Nevertheless, destruction was easier than creation. Many programming steps had been necessary for the design of a building, but a mere six strokes on the main computer center keyboard could remove it. The Watchful Eye scanned each structure for signs of robotic or human activity before performing the six strokes. It was still in its Bogie shape, and to a cynical observer, watching a robot attempting to destroy a city built by robots might have seemed ironic.
As soon as it had initiated its sequences of destruction, the Watchful Eye realized that the process it had to use was too well-planned, too methodical, too full of fail-safe devices. It would take a long time to demolish the entire city. If it had foreseen these complications, it would have restructured the computer’s architectural programming so that an automatic programmed sequence could be activated, one that would bypass all the fail-safe devices that the city’s clever originator had installed in the computer.

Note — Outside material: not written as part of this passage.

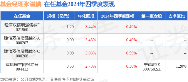 建信民丰回报混合现任基金经理为张溢麟。其中在任基金经理张溢麟已从业2年又19天,2023年1月4日正式接手管理建信民丰回报混合,任职期间累计回报为1.43%。目前还管理着4只基金产品(包括A类和C类),其中本季度表现最佳的基金为建信双债增强债券C(000208),季度净值涨幅为0.59%。

Checking the whereabouts of Derec and its other enemies, it saw that they were nearing the underground entrance. They seemed to be heading to its computer lair, no doubt to stop it from its systematic destruction of the city, and it had to stop them before it could continue.
Derec had discovered Mandelbrot and Timestep wandering the streets looking for the Bogie imposter. When they had finally worked their way through the building with the roughhousing creatures, the street outside the exit had been empty.
“It’s down at the central computer,” Derec said. “I’m sure of it. Come with me.”
The slowdown to talk with the two robots allowed Ariel and Avery to catch up. Wolruf was so far behind that the others were not even aware she was on her way.
They headed for the tunnel entrance. Just before they reached it, the frame of the entrance appeared to balloon outward and then, like an enfolding hand, cover the opening Derec had intended to pass through.
As Adam and Eve strode down a wide boulevard, they saw Wolruf lope across an intersection, then disappear down a side street.
“Let’s go after her,” Adam said. “She might know what’s happening to the city.”
Without consulting with each other, both Adam and Eve changed to the kin shape and began to pursue Wolruf, who had disappeared around a comer. When they rounded that comer, they did not see the alien ahead of them.
“She must have gone down one of those streets,” Eve said. “It will be difficult to find her.”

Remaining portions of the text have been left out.